Memorial Art Gallery, 2001
"A Sin of Commission (2000)." In Voices in the Gallery: Writers on Art. Rochester, N.Y.: Memorial Art Gallery, 2001, pp. 168 ill. in color, 169–71, as The White Bridge.
Larkin 2001–I
Larkin, Susan G. The Cos Cob Art Colony: Impressionists on the Connecticut Shore. New York: National Academy of Design in association with Yale University, 2001. Exhibition catalogue (2001 National Academy of Design), pp. 194–96 ill. in color, as The White Bridge.
Larkin 2006
Larkin, Susan G. "John Henry Twachtman: The White Bridge." In Seeing America: Painting and Sculpture from the Collection of the Memorial Art Gallery of the University of Rochester, ed, Marjorie B. Searl. Rochester, N.Y.: Memorial Art Gallery, 2006, pp. 132 ill. in color, 133–34 ill. in color, detail, 135 ill. in color (detail), as The White Bridge.
Bourguignon 2014
Bourguignon, Katherine M. American Impressionism: A New Vision 1880–1900. New Haven: Yale University Press, 2014. Exhibition catalogue (2014–15 Terra Foundation for American Art), p. 131 ill. in color, as The White Bridge.
Green 2016
Green, Nancy E. Japan/America: Points of Contact, 1876–1970. Ithaca, N.Y.: Herbert F. Johnson Museum of Art, 2016. Exhibition catalogue, p. 217 ill. in color (fig. 102), as The White Bridge.
Peters 2021–II
Peters, Lisa N. Life and Art: The Greenwich Paintings of John Henry Twachtman. Cos Cob, Conn.: Greenwich Historical Society, 2021. Exhibition catalogue (2022 Greenwich Historical Society), pp. 85, 87 ill. in color (fig. 72), as The White Bridge.
Commentary

Twachtman constructed this version of his white bridge over Horseneck Brook in a simpler, more functional form than it appears in OP.980, OP.981, and OP.982. Here and in a close up view, Bridge in the Woods (OP.984), it is low to the water and conforms less to Japanese prints than to the low-spanning bridges in views of rustic countryside that are depicted in Chinese ink-wash drawings of the Northern Song period, such as those of Li-Ching. On a low angle over the brook, this bridge, like OP. 981 and OP.982, had a canopy at the center of the span, but with a curved form rather than a gable. In this version, the bridge looks sturdy enough for the artist’s children to cross and use to launch the small rowboat shown here. The bridge, without its canopy is probably also the same one featured in Summer Afternoon (OP.985). 

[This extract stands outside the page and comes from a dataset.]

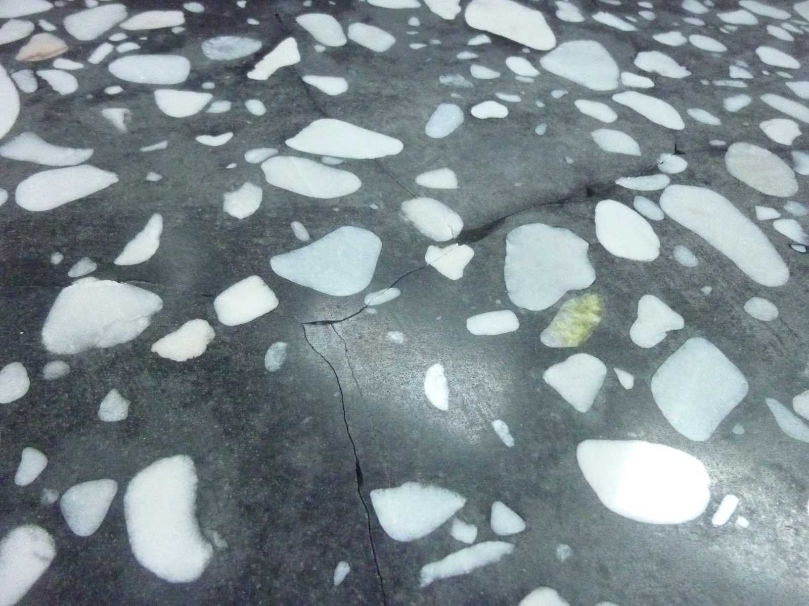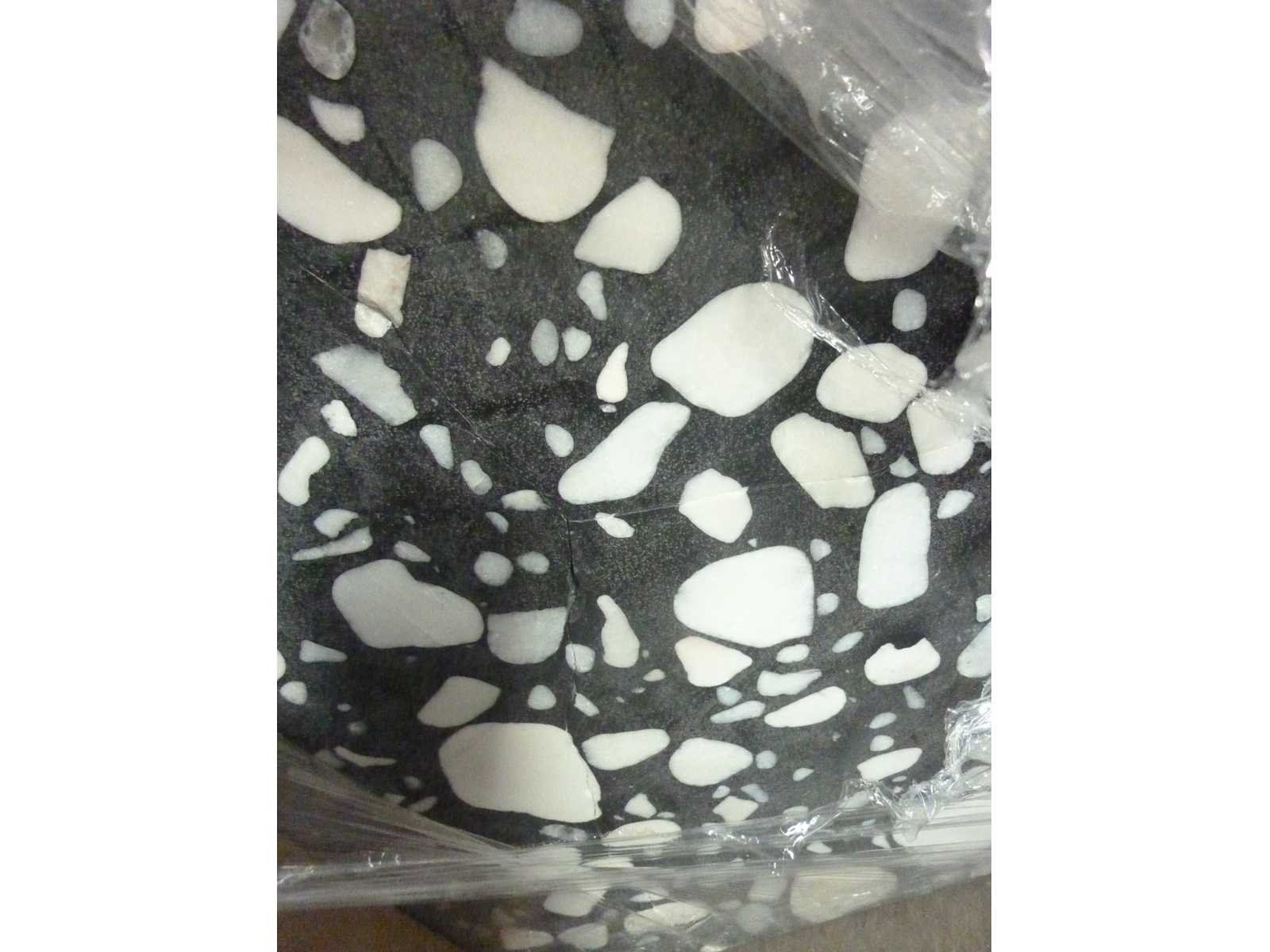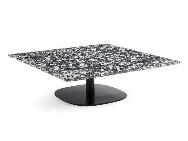 • MDF bovenkant bedekt met zwart-witte Terrazzo-steen. Elk stuk is uniek, het algehele uiterlijk van de top kan van de top tot de andere verschillen, alle stenen verschillen in grootte en tinten. Deze verschillen geven de tafel al zijn schoonheid en uniekheid. • Afgeschuinde randafwerking • Middenpoot in zwart geverfd staal met epoxy-afwerking Grootte • Breedte: 110 cm • Hoogte: 34 cm • Diepte: 110 cm Non

The bridge is probably the third constructed by the artist. Rendered from a closer vantage point, with more vibrant color than his other White Bridge paintings, and broader, more painterly brushwork suggestive of the alla prima method of Twachtman's Gloucester work in his last three summers, this painting probably dates from near the end of Twachtman's Greenwich years, 1898–1900.  

This painting was lent as White Bridge, Spring to the exhibition of Twachtman’s work held at the Lotos Club in 1907 by Mrs. John E. (Gertrude Cheever) Cowdin (1863–1908), the wife of a silk merchant and polo player. Mrs. Cowdin, who also owned Twachtman’s My Summer Studio (OP.948), died in the following year and the painting was sold in 1916, as part of her estate, at the American Art Association. It passed through Macbeth Gallery to Emily Sibley Watson (1855–1945), of Rochester, New York, the wife of a banker and philanthropist, who founded the Memorial Art Gallery in memory of her son. Watson donated it within the year to the Memorial Art Gallery.

Selected Literature

From Larkin 2006

Twachtman’s inspiration may have been the myriad footbridges over the canals of Venice, where he spent a total of at least eighteen months in the 1870s and 1880s. Although the more elaborate Venetian bridges, like the Ponte di Rialto, are curved on the underside, their pedestrian surface exhibits an angular three-part construction similar to Twachtman’s homemade footbridge.
          But if Venice informed Twachtman’s design, it was only one source among several. . . . Similarly, the footbridge’s ancestry is American in its diversity, evoking at once the Chinese-Chippendale embellishments of the Colonial Revival, the high-arched bridges of Japanese gardens, and the crisp whitewash of New England picket fences.
          The white paint links Twachtman to the taste of his time, instead of leaving the wood bare, with the bark unpeeled, as the influential landscape designer Alexander Jackson Downing advised in the mid-nineteenth century, or coating it with red lacquer, as Asian garden designers preferred, he painted it white, matching his house. “He was especially fond of white in sunlight and left many impressions of white houses among green trees,” one critic observed after viewing Twachtman’s estate sale.” [Roof 1903, p. 244] The white bridge enlivened the brookside landscape, making the delicate structure a worthy challenge to a painter who enjoyed exploring the chromatic subtleties of snow.